Par Marwane Ben Yahmed

Directeur de publication de Jeune Afrique.

De g. à dr., Assimi Goïta (Mali), Mahamat Idriss Déby (Tchad) et Mamadi Doumbouya (Guinée).

Qu’attendre de 2022 ? Chaque année nouvelle véhicule son cortège d’interrogations, de résolutions et, surtout, de vœux. Les nuages qui se sont amoncelés sur la planète depuis 2020 avec l’interminable pandémie de Covid-19 nous poussent plus que jamais à vouloir tourner cette détestable page pour en finir avec la déprime et la sinistrose. Nos vies ont été bouleversées – sur tous les plans – dans des proportions inimaginables. Alors, évidemment, nous espérons tous que les douze mois à venir verront l’éradication de ce maudit virus. Sans trop y croire, hélas.

Dure leçon d’humilité

Le variant Omicron, né en Afrique du Sud, et la cinquième vague sont venus nous rappeler que la bataille était loin d’être gagnée, malgré les mesures de restriction, les fermetures de frontières, les vaccins, les troisièmes doses pour ceux qui y ont droit, les investissements massifs dans la recherche… Dure leçon d’humilité pour l’humanité.

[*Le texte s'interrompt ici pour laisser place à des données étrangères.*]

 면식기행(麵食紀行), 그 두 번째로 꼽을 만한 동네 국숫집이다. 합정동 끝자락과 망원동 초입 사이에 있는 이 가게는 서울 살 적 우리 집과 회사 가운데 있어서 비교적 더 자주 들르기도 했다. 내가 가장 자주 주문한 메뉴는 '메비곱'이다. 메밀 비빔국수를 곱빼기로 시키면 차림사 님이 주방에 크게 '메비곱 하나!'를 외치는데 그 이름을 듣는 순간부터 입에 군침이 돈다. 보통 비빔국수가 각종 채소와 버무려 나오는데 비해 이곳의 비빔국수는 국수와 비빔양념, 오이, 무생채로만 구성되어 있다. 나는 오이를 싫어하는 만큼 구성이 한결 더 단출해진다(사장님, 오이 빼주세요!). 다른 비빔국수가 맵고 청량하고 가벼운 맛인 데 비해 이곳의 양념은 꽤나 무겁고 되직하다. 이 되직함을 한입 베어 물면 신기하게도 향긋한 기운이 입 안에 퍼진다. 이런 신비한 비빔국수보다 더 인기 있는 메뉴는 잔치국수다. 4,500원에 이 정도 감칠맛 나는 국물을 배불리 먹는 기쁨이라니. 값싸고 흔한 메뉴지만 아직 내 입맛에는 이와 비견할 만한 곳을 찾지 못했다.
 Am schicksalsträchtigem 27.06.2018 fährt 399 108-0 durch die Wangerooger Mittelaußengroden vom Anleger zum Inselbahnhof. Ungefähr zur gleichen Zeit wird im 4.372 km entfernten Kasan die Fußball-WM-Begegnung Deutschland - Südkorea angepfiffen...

Après plus d’une décennie de progrès économiques et d’avancées politiques, les motifs d’inquiétude se multiplient

Nous aimerions égrener les motifs d’espoir ou d’optimisme. A fortiori en Afrique. Nous sommes hélas contraints, car c’est notre rôle et notre mission, de jouer les Cassandre et de sonner le tocsin. La cote d’alerte est atteinte sur de trop nombreux fronts pour que nous puissions nous contenter d’attendre que le vent tourne avec la conjoncture. Crise économique et croissance en berne, déficit démocratique, insécurité, absence ou faiblesse de leadership, institutions impuissantes, dette abyssale… Après environ deux décennies de progrès économiques et d’avancées politiques, et alors que le continent était perçu comme la nouvelle frontière de l’économie mondiale et une terre à l’avenir radieux, promise à une émergence à portée de main, les motifs d’inquiétude se multiplient. Encalminée, l’Afrique multiplie les ancres flottantes qui l’empêchent de poursuivre sa route et d’exploiter son immense potentiel. Il n’est cependant pas trop tard pour réagir. Et rebondir.

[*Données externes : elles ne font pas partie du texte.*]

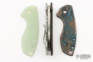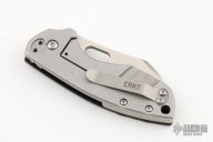 This Pilar by CRKT features a satin finished blade with thumbhole. The handle has a stainless steel frame with a custom laser engraved aluminum scale. Comes with a jade G-10 scale and a "Shipwreck" copper scale. Has a couple light scuffs, otherwise excellent condition.
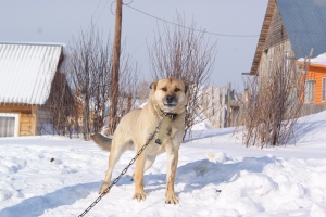 "Отдались" по договору, почти в город - станция Иня-Восточная, условия хорошие - будка, растяжка, просторный, чистый двор, два кота и многоразоваявдень кормежка

Maelström sur nos « démocraties »

Aux crises politiques plus ou moins aiguës auxquelles nous sommes confrontés – tensions croissantes entre l’Algérie et le Maroc, descente aux enfers de l’Éthiopie, terrorisme au Sahel, violences dans l’Est de la RDC, etc. –, aggravées par une conjoncture économique préoccupante, est venu s’ajouter le retour d’un phénomène que l’on pensait en voie d’extinction : les coups d’État. On en a dénombré cinq en un an sur le continent depuis août 2020. Une première depuis deux décennies. Au Mali en août 2020, au Tchad en avril 2021, au Mali à nouveau en avril, en Guinée en septembre et au Soudan il y a quelques semaines. Si l’on est bien loin de l’acmé en la matière (25 coups d’État réussis dans les années 1970), il est tout de même urgent, pour ne pas dire vital, de s’interroger sur les raisons profondes du maelström qui s’est abattu sur nos « démocraties ».

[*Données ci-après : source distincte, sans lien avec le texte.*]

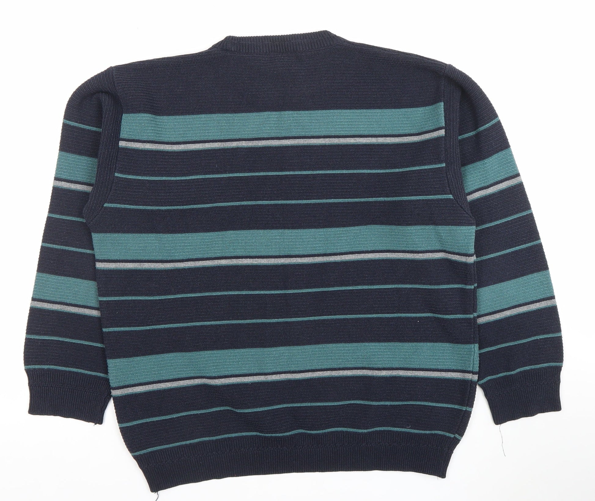 Lacoste Men's Blue Striped Cotton Jumper Size L Crew Neck Pullover

On ouvre la boîte de Pandore, et donc les bras à ceux qui endossent le costume – un simple treillis – de sauveurs

Ces putschs, la plupart du temps acclamés par la population (en tout cas personne ne regrette la chute des présidents en question), révèlent au grand jour une réalité cruelle : le sentiment diffus que les élections, et par association la démocratie, ne tiennent pas leurs promesses ni ne reflètent la volonté des citoyens. Dans des pays où le quotidien rime avec chômage, flambée des prix, difficultés d’approvisionnement en eau, délestages électriques récurrents, on peut comprendre la défiance générale à l’encontre des dirigeants censés résoudre ces problèmes.

Alors, quand aucune solution n’émerge, on ouvre la boîte de Pandore, et donc les bras à ceux qui endossent le costume – un simple treillis – de sauveurs. Lesquels savent jouer sur toutes les cordes sensibles pour faire passer la pilule : promesses tous azimuts, populisme, exacerbation de la fierté nationale, etc.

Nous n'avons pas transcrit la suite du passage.